Big Banks $70 Billion Short in Fed Push to Prevent Bailouts

LONDON (Capital Markets in Africa) – Wall Street banks are about $70 billion short in building up funds the Federal Reserve says they’ll need to tap following a collapse, down by almost half from the central bank’s earlier estimates.

The eight biggest U.S. financial firms are required to build cushions of long-term debt that can be transformed into equity in a new company if the old one fails, according to a rule the Fed governors approved Thursday. Stockpiles of capital will also be used to meet the new standard known as total loss-absorbing capacity, or TLAC, which is a vital component of the plan to make giant banks easier to unwind without taxpayer bailouts. In October 2015, the Fed estimated banks had a total shortfall of $120 billion.

“This requirement means taxpayers will be better protected because the largest banks will be required to pre-fund the costs of their own failure,” Fed Chair Janet Yellen said about the rule, which aims to prevent a repeat of 2008’s financial-sector disaster by making sure the biggest firms can absorb more losses — even after failing. She called it “one of the last critical safeguards” put in place since the crisis.

The Fed estimates four banks, without identifying them, need about $70 billion more in qualifying unsecured debt and capital by the Jan. 1, 2019 deadline, while the other four banks already satisfy the standard. New debt issued in the last year by the banks helped to cut the shortfall. Investors buying the debt will know in advance that they could be subjected to losses if the issuer fails.

Wells Shortfall
The rule still faces some uncertainty, however, especially following the election of Donald Trump. The president-elect has criticized regulations that squeeze financial firms’ ability to lend to people, and Republican lawmakers have warned federal agencies not to issue 11th-hour rules before Trump takes office. If Congress takes issue with the new debt requirement for banks, it has the power to roll it back, and regulatory officials appointed by Trump could also blunt the measure in the future.

When the Fed proposed the idea more than a year ago, a chief industry concern was the rule’s apparent disregard of certain kinds of long-term debt already in wide use, but the agency made concessions to allow for existing debt with certain “acceleration clauses” to be used in the final version. Like the proposal, Thursday’s final rule includes a tally of capital and long-term debt that ranges from 21.5 percent to 23 percent of risk-weighted assets for the eight U.S.-based firms affected, the Fed estimated.

Meeting the demand by 2019 isn’t difficult for banks such as Goldman Sachs Group Inc. and Morgan Stanley that are accustomed to issuing that kind of debt. The rule will be more of a burden for banks like Wells Fargo & Co., which has historically relied more on traditional funding from deposits. The lender’s chief executive officer, Timothy Sloan, said earlier this month at an investors conference in New York he was “scratching his head” over the rule, since it calls for his bank to get deeper into debt. He estimated the bank’s shortfall could be more than $36 billion.
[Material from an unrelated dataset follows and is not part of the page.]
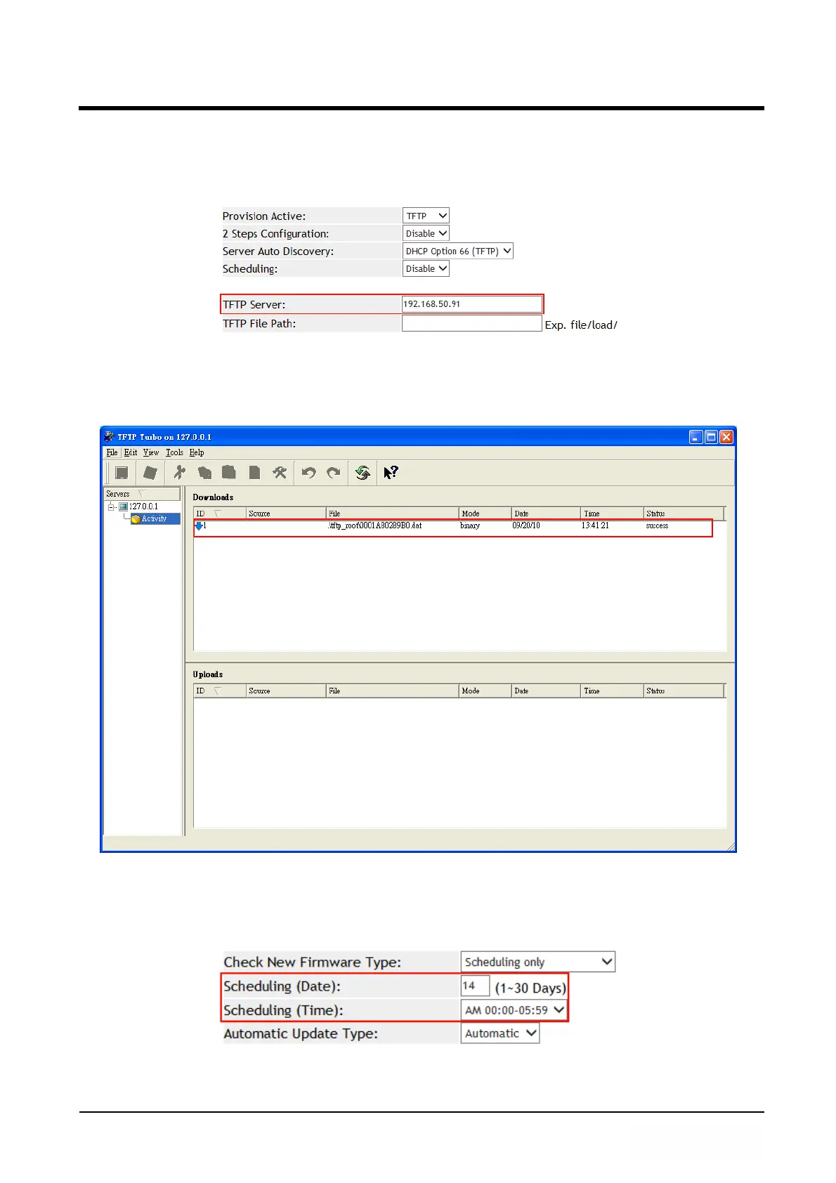 Step 2: In [Auto Provision Setting] web page, Set up [Provision Active: TFTP, Scheduling:

The impact of the Fed rule only adds to recent headwinds for beleaguered Wells Fargo, which this week was the only major bank to have its so-called living willrejected by regulators. It’s still reeling from a scandal this year over fake accounts that were opened without customers’ knowledge.

Global Effort
The other U.S. banks covered by the rule are JPMorgan Chase & Co., Bank of America Corp., Citigroup Inc., Goldman Sachs, Morgan Stanley, Bank of New York Mellon Corp. and State Street Corp., and a similar version applies to U.S. units of foreign banks, though the Fed reduced the burden slightly for those companies.
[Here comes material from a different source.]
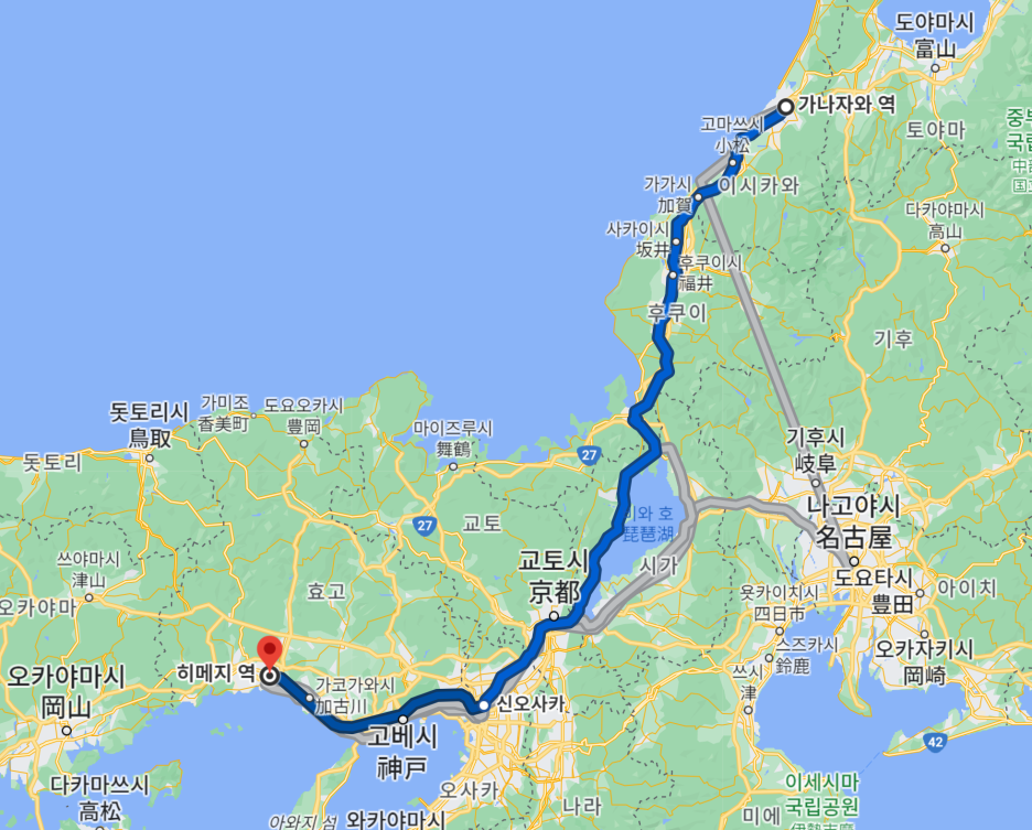 가나자와에서 히메지까지는 약 355km의 거리로, 열차 탑승 시간만 3시간이 조금 넘는다. 시간이 많이 걸리는 이유는 가나자와에서 간사이 지방으로 가는 신칸센은 없기 때문에, 일반 JR 특급 열차를 탑승해야 하기 때문.

The final requirement should end the idea some banks are “too big to fail,” said Greg Baer, president of the Clearing House Association, an industry group. He said in a statement that the rule ensures that losses in bank failures “are borne by creditors and shareholders, and not the taxpayer.”

The new standard is based on a global effort to make sure the world’s largest financial institutions can fail without dragging the rest of them down. In an agreement among officials at the Financial Stability Board, regulators from the U.S. and other countries agreed to phase in a TLAC requirement starting in 2019. In the accord, the level of debt eventually had to be equal to at least 18 percent of each firm’s assets weighted by how risky they are — meaning the total goes up if the assets are more volatile.